> _EXERCISE_: If an entry holds a picture, leave the picture out and copy the rest of the listing exactly.
(SOURCE DATA Opens)
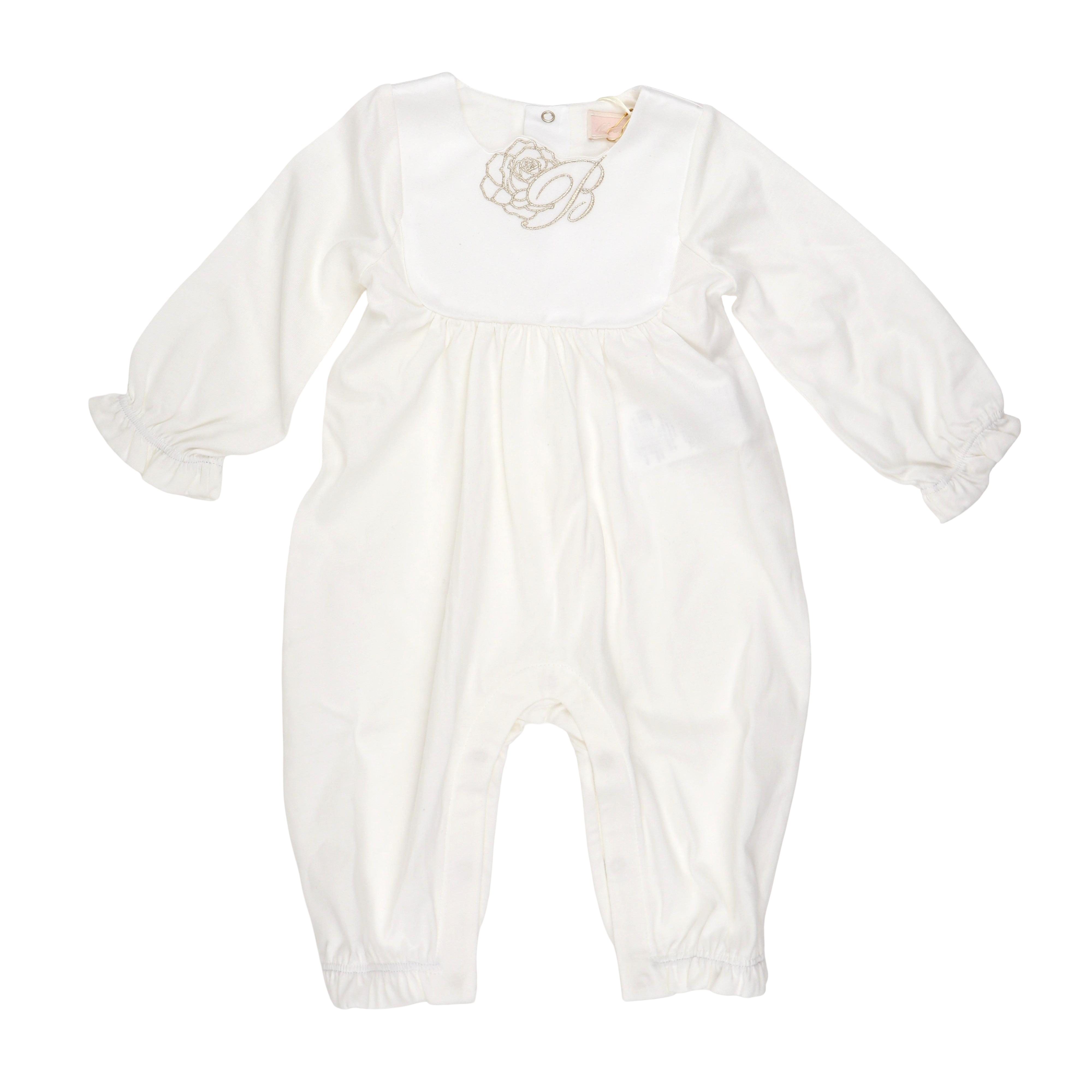 MB BNTU008 LS Embroidered Romper W Bib
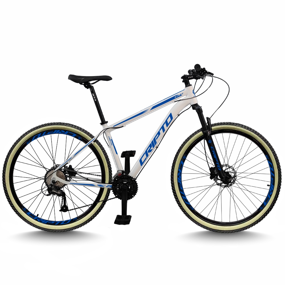 Bicicleta Aro 29 Cripto 24 Marchas Freios Disco e Suspensão Pneu Faixa Bege
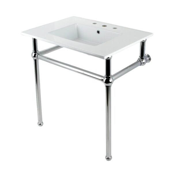 31 Console Sink with Brass Legs 8Inch, 3 Hole, WhitePolished Chrome
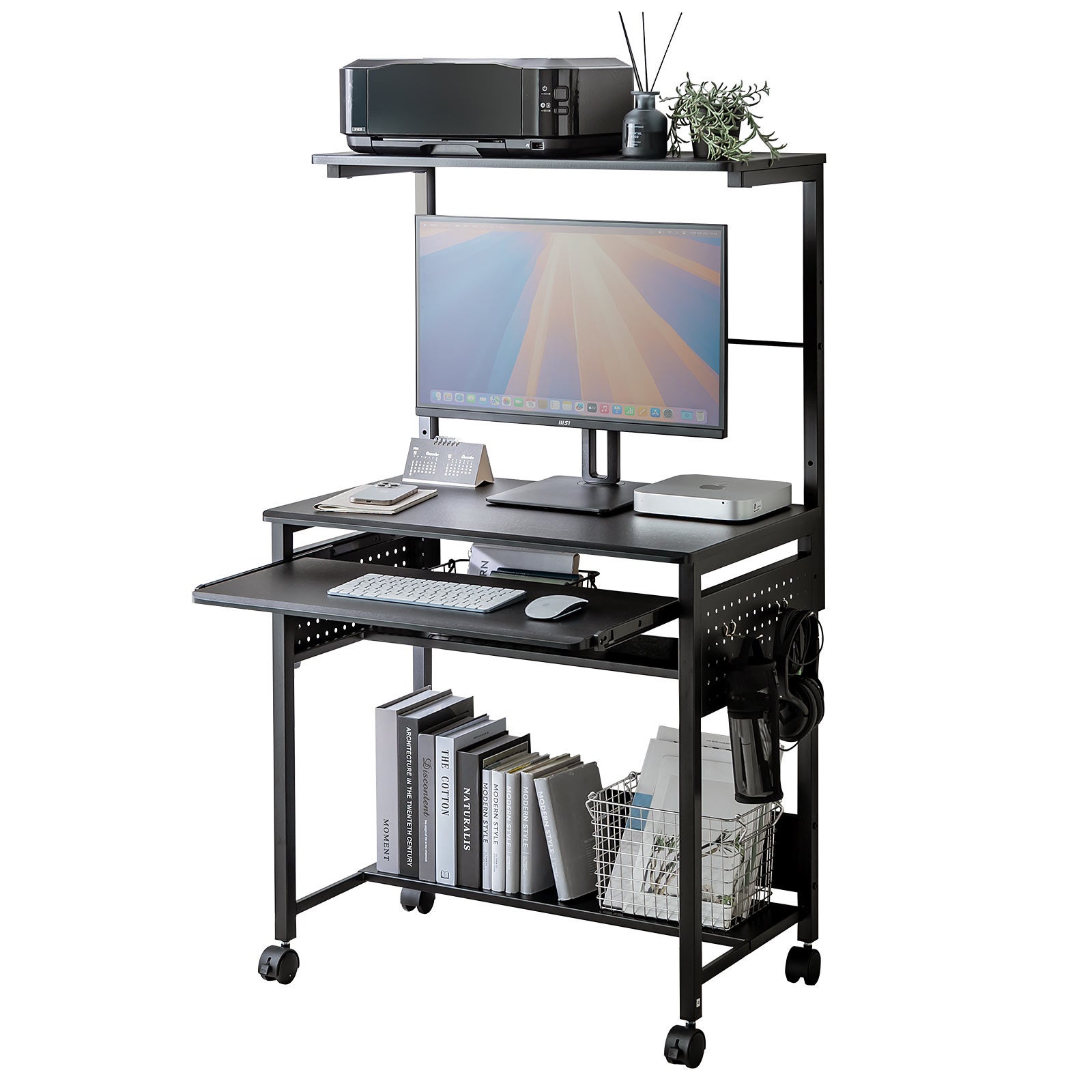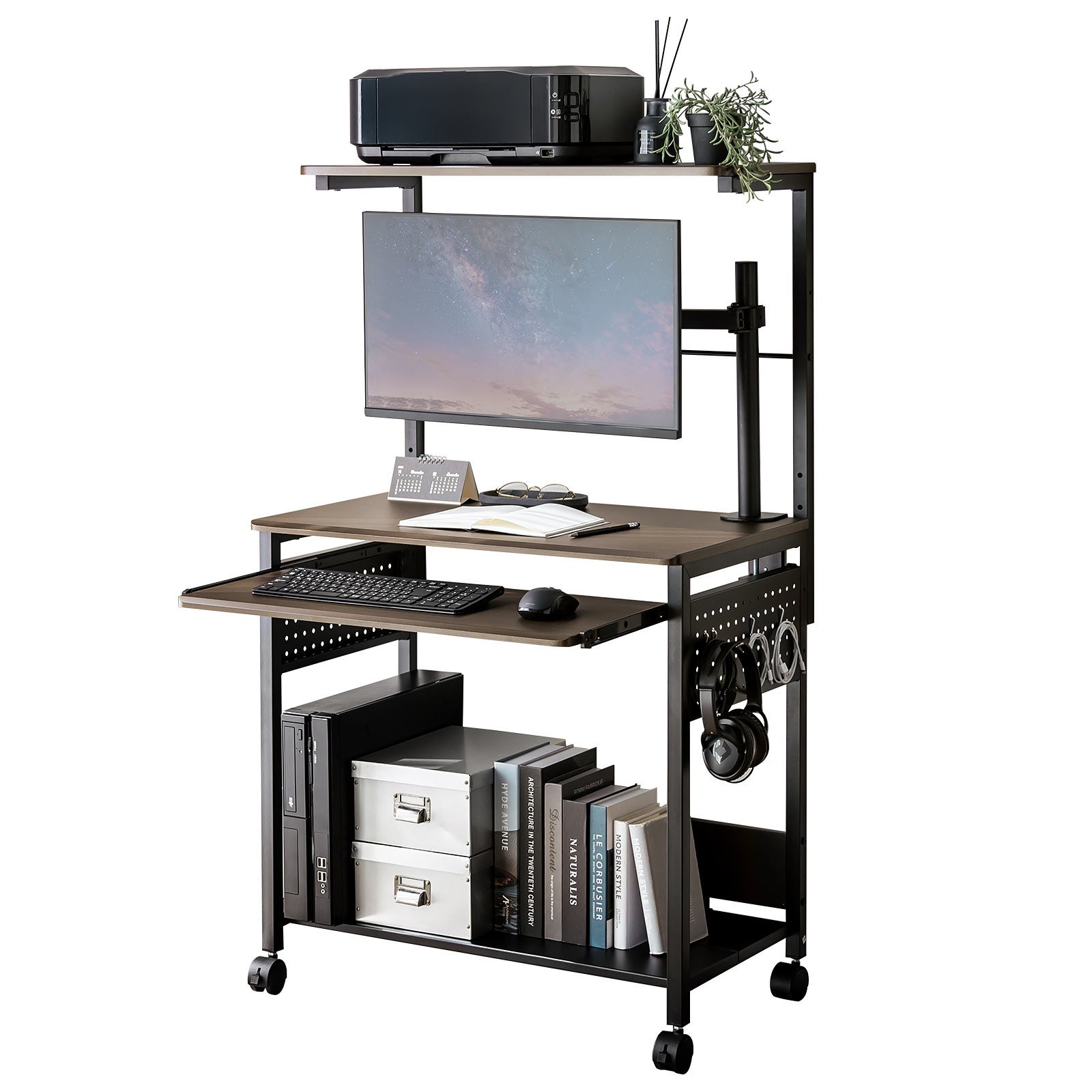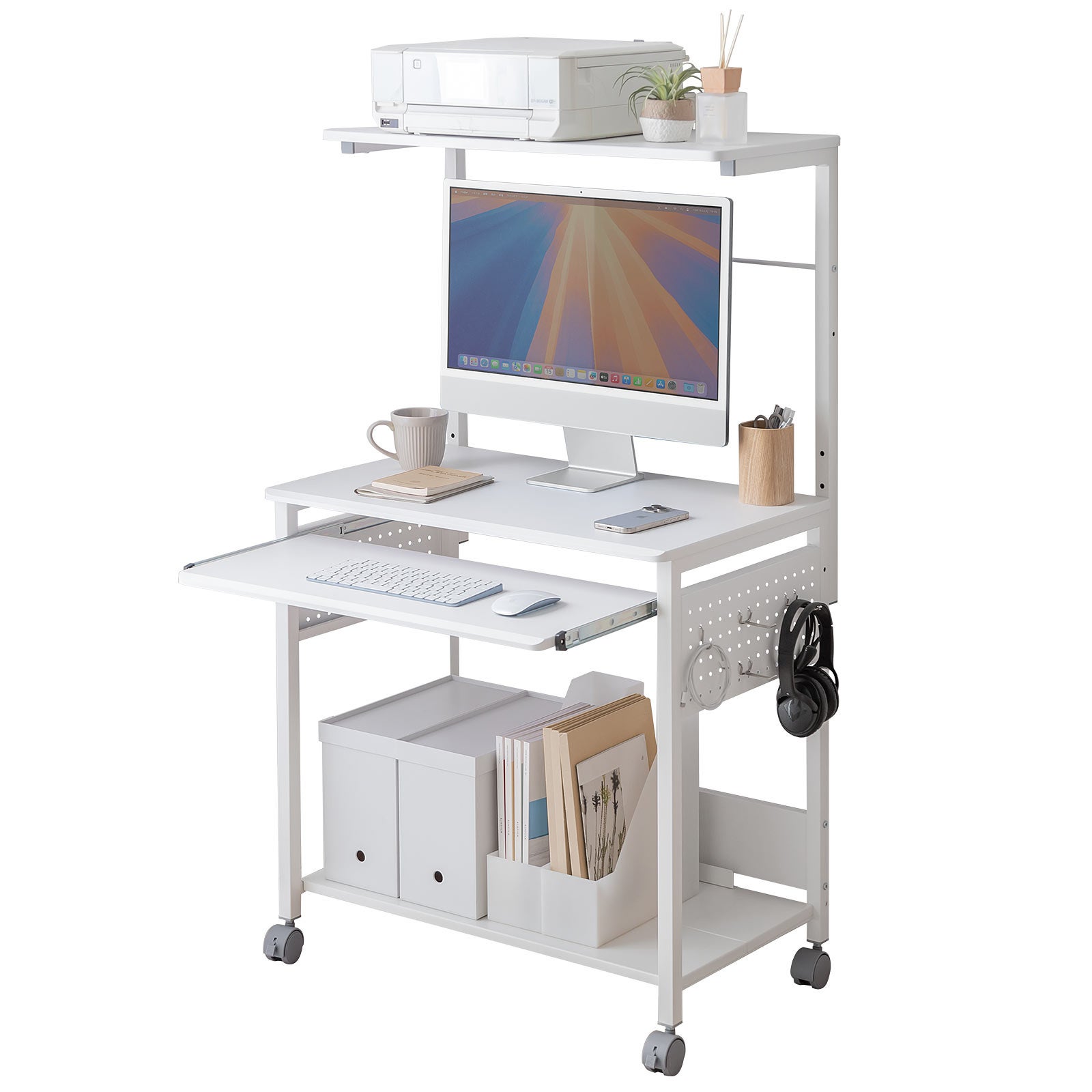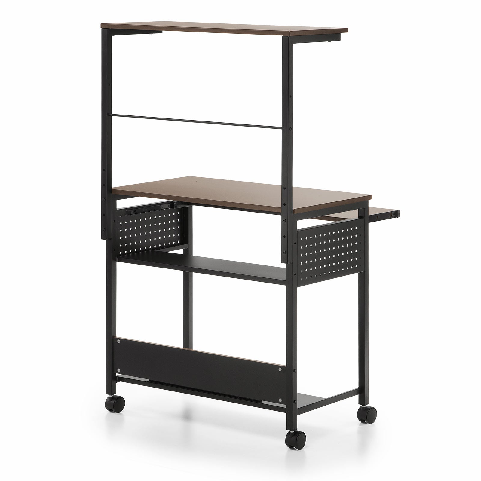 幅75cm パソコンデスク キーボードスライダー 木目調 ブラウン 有孔ボード コンパクト 収納棚付 棚組み替え キャスター付 サブテーブル付
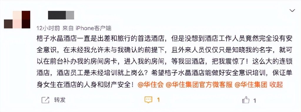 此外,2月8日也有一位女网友曾吐槽:“桔子水晶酒店一直是出差和旅行的首选酒店,但是没想到酒店工作人员竟然完全没有安全意识,在未经我允许未与我确认的前提下,且外来人员仅仅只是知晓我的名字,就可以在前台补办我的房间房卡,进入我的房间,等我回酒店,把我震惊了!这么大的连锁酒店,酒店员工是未经培训就上岗么?希望桔子水晶酒店能做好安全意识培训,保证单身女生在酒店的人身和财产安全。”
(SOURCE DATA Closes)
> _EXERCISE SOLUTION_:
 MB BNTU008 LS Embroidered Romper W Bib
 Bicicleta Aro 29 Cripto 24 Marchas Freios Disco e Suspensão Pneu Faixa Bege
 31 Console Sink with Brass Legs 8Inch, 3 Hole, WhitePolished Chrome
 幅75cm パソコンデスク キーボードスライダー 木目調 ブラウン 有孔ボード コンパクト 収納棚付 棚組み替え キャスター付 サブテーブル付
 此外,2月8日也有一位女网友曾吐槽:“桔子水晶酒店一直是出差和旅行的首选酒店,但是没想到酒店工作人员竟然完全没有安全意识,在未经我允许未与我确认的前提下,且外来人员仅仅只是知晓我的名字,就可以在前台补办我的房间房卡,进入我的房间,等我回酒店,把我震惊了!这么大的连锁酒店,酒店员工是未经培训就上岗么?希望桔子水晶酒店能做好安全意识培训,保证单身女生在酒店的人身和财产安全。”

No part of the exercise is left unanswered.